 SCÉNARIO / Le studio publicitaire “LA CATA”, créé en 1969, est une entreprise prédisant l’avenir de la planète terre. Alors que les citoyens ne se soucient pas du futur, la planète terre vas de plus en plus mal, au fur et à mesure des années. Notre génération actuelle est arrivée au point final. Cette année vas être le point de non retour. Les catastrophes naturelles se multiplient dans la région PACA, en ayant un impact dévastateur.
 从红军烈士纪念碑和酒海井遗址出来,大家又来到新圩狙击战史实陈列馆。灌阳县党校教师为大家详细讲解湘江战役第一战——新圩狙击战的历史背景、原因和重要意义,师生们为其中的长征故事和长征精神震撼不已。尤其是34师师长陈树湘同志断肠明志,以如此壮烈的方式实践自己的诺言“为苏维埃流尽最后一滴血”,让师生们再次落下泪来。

* * *

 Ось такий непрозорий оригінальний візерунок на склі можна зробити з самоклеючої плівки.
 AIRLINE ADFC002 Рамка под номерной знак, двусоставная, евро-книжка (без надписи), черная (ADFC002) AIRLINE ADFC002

* * *

» **WHAT YOU WILL DO**:
Retype only the stretch of lines above starting at the one with "Ось такий непрозорий" and stopping at the one with "AIRLINE ADFC002 Рамка", exactly as written, with both kept.

» **TASK SOLUTION**:
 Ось такий непрозорий оригінальний візерунок на склі можна зробити з самоклеючої плівки.
 AIRLINE ADFC002 Рамка под номерной знак, двусоставная, евро-книжка (без надписи), черная (ADFC002) AIRLINE ADFC002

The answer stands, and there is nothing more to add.